A few episodes later, when Mau’s tumultuous upbringing is examined, he says sarcastically that he’s “still” waiting for his overwhelmed single mother to take him and his siblings to a pool as promised, his particular kind of neediness snaps into place for Guralnik and us. During a particularly heated session with Annie and the indefatigably pompous Mau, Mau dismisses Annie’s sexual insecurities as “all internal,” and then lashes out (and really, from what I can tell, lies) about what he meant by that. After, Guralnik reveals in a meeting with her advisor Dr. Virginia Goldner, that she feels she has to “sacrifice” Annie in order to keep Mau on board because “he’s so sensitive to… any diversion from the way he sees the world, he experiences it as such an assault.” Not so easy after all then, is he?

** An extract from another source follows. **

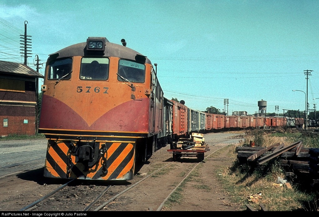 General Belgrano Railroad's meter-gauge General Electric 75t. #5767 makes a rare appearance heading through-freight train number 5004, as it enters Saldias Yard in Buenos Aires. Being the premier freight train of the line, General Belgrano RR. always allocated his biggest and newest power to the daily runs from Guemes, in the northern Province of Salta, to Saldias in Buenos Aires. But in this day the old order has taken the place of the newer diesels. Number 5767, originally equipped with a 910HP Cooper-Bessemer diesel engine, was built by GE in 1950.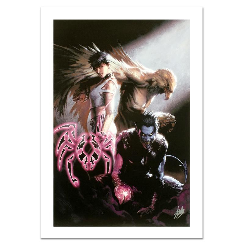 A piece of comic book history, this limited edition, from original art by Gabriele Dell'Otto, depicts an intense trio of Nightcrawler, Angel and Dazzler. In 1998 Dell'Otto started collaborating with the European division of Marvel Comics, producing covers, posters and lithographies for Italy, France and Germany. In 2002, his work was shown to the editor-in-chief of Marvel Comics, who entrusted to him with the art for the Secret War mini-series. "Ultimate X-Men #95" is a limited edition giclee on canvas by Gabriele Dell'Otto presented by Marvel Comics, numbered and hand signed by Stan Lee. Includes Certificate of Authenticity! Measures approx. 18" x 27" (image).

It is via these brief sessions between Guralnik and Goldner that the show generously and economically circles back and connects the dots for its viewers. These sessions also underscore certain themes, essentially telling you how to watch the show. At one point, Goldner reminds Guralnik that her job isn’t to take sides on whether these couples should break up or not. “Our job is to deepen the understanding of their dilemma,” she explains. And so the show does, at virtually every turn.

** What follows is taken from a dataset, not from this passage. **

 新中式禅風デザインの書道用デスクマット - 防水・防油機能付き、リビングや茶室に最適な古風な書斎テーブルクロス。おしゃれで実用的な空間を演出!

The splotchy portraits of the couples—rather decontextualized, rarely concerned with thorough blow-by-blow reporting—are revealed as ingeniously devised for dovetailing with Guralnik’s process. When Elaine and DeSean, married 11 years, have an argument about how they spend their leisure time—he says they went to brunch 17 weekends in a row and that she gets mad the one time they don’t, she says they haven’t gone to brunch together in months—Guralnik stops them in their tracks. “I work with couples a lot so let me see if I can save you the time of arguing about facts, about what happened,” she tells them. “It doesn’t work, like arguing, ‘Did it happen this way?’ ‘Did it happen that way?’ ‘Did we go 17 times or did we not go since August?’ You’re not gonna go anywhere with that kind of argument. Instead, let’s think about what’s really of importance to the two of you about this, what’s really the heart of it.” She encourages them to find a place of agreement regarding what’s going on with both of them, and to not get “polarized into your own extreme version.” That is, the greater emotional truth is worth way more than he said-she said nitpicking. What a radical idea for a medium like reality TV that thrives on such bickering, and what a lesson for viewers to take home.